Because the trial transcript was not provided, this analysis must necessarily rest on the limited amount of Dr. Leestma's testimony that appears in the appendix.

Putting aside the fact the slides were made available to Morales's original counsel and defense expert, we note Spellman and Ryan did make a blanket discovery request that would seem to have encompassed the slides. Although Morales claims counsel should have done more, he does not specifically state what more a "competent" attorney would have done to become aware of and then obtain the slides. See Dunbar v. State, 515 N.W.2d 12, 15 (Iowa 1994) (finding a defendant must state the specific way in which counsel's performance was deficient and identify how competent representation probably would have changed the outcome). To the extent Morales is arguing that counsel should have reviewed the received medical information, learned of the existence of the slides and presumed they had independent significance, we agree with the district court's determination that counsel should not be deemed ineffective for failing to independently analyze or question the medical evidence. See Heaton v. State, 420 N.W.2d 429, 431 (Iowa 1988) ("Counsel's duty to investigate and prepare a defense is not limitless and does not require counsel to pursue each possible witness and delve into every line of inquiry.").

Not only has Morales failed to establish a lack of competence, he has not established prejudice. There is no showing a subsequent, independent analysis of the slides by another pathologist would have yielded exculpatory information. Even Dr. Berkland, specifically retained as a defense expert and therefore with every incentive to make findings in Morales's favor, did not find the slides to be exculpatory. Nor is Morales entitled to an inference that the slides would have been exculpatory, based upon their post-trial destruction by an agent of the State. See State v. Langlet, 283 N.W.2d 330, 333 (Iowa 1979) ("the fact finder may draw the inference that the evidence destroyed was unfavorable to the party responsible for its spoliation").
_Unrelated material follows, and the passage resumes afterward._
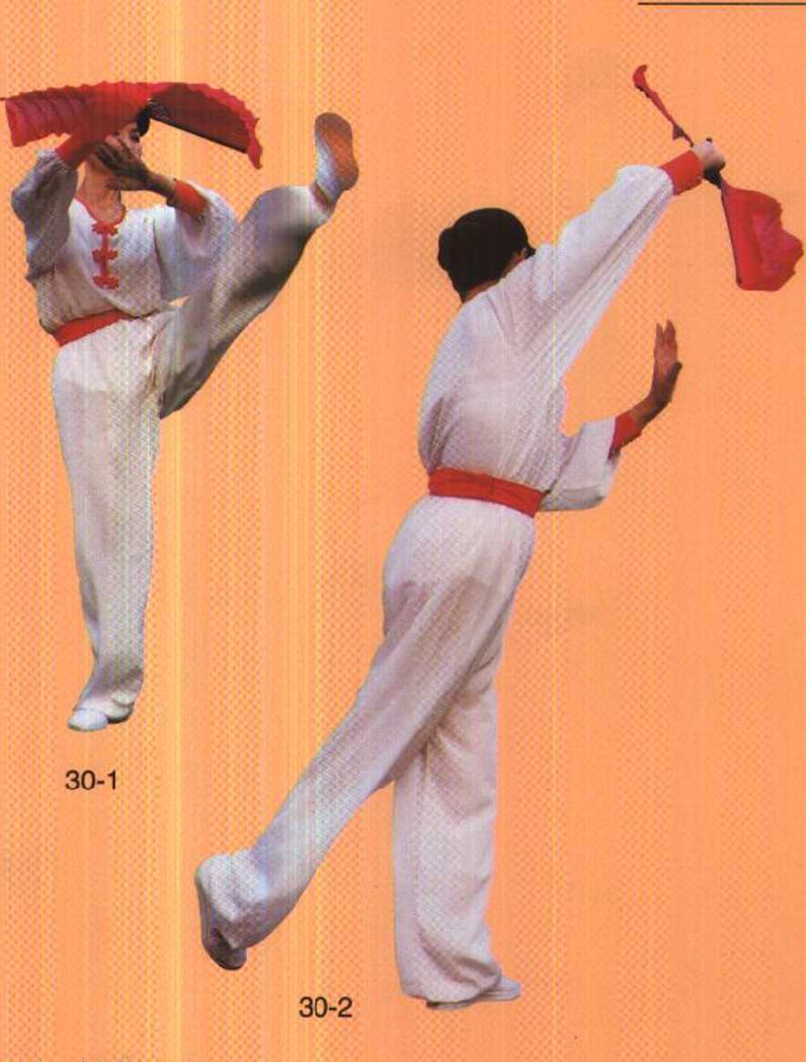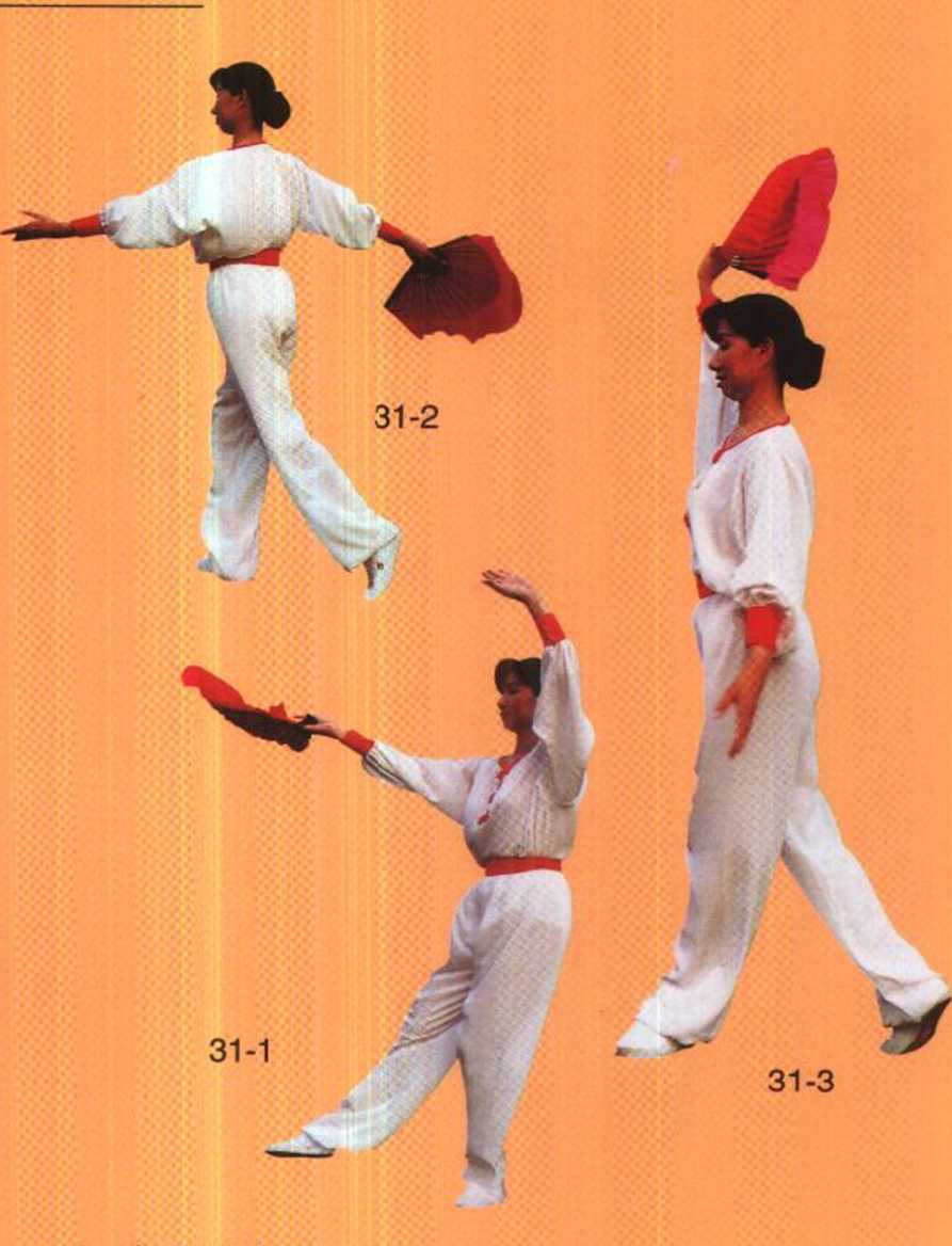 接上式,右脚上步,两手随腰向外顺时针仰面打圆, 随重心前移腰略右转两手收至右肩前:右手托扇扇面向上, 左手指靠近右腕上方。30.斜身照影:接上式,左脚向前蹬脚落步,随重心前移左转腰,同 时右手握扇向外翻扇至右额上方,左手在胸前推掌。眼看 左后侧。

Such spoliations inferences "should be utilized prudently and sparingly." Phillips v. Covenant Clinic, 625 N.W.2d 714, 720 (Iowa 2001) (quoting Crosser v. Iowa Dep't of Pub. Safety, 240 N.W.2d 682, 685 (Iowa 1976)). More importantly, where the destroyed evidence is "only potentially exculpatory, where by its nature the lost evidence cannot be evaluated by a fact finder," a discretionary spoliation inference requires a showing of bad faith. State v. Craig, 490 N.W.2d 795, 796-97 (Iowa 1992). While the record does include testimony that implies an ulterior motive for the slides' destruction, Morales has failed to demonstrate actual bad faith.

b. Failure to speak with Drs. Frecentese, Moorman and Carlstrom before trial. Dr. Dominic Frecentese and the previously noted Dr. Carlstrom and Dr. Moorman, all testified as expert medical witnesses on behalf of the State. Although prior counsel had interviewed and/or deposed the doctors, Spellman and Ryan did not meet or speak with them before Morales's trial. The crux of Morales's argument is that if Spellman and Ryan had met with the doctors, they would have discovered all three men changed their opinions from chronic to acute injury only after consulting with Dr. Bennett. Morales claims "[t]he fact these witnesses changed their opinions due to pressure from the State, should have been brought to the attention of the jury." The basis of this claim is the meeting between Dr. Carlstrom, Dr. Moorman, Dr. Bennett and representatives of the police and the county attorney's office, and Dr. Carlstrom's resulting pre-trial change in opinion.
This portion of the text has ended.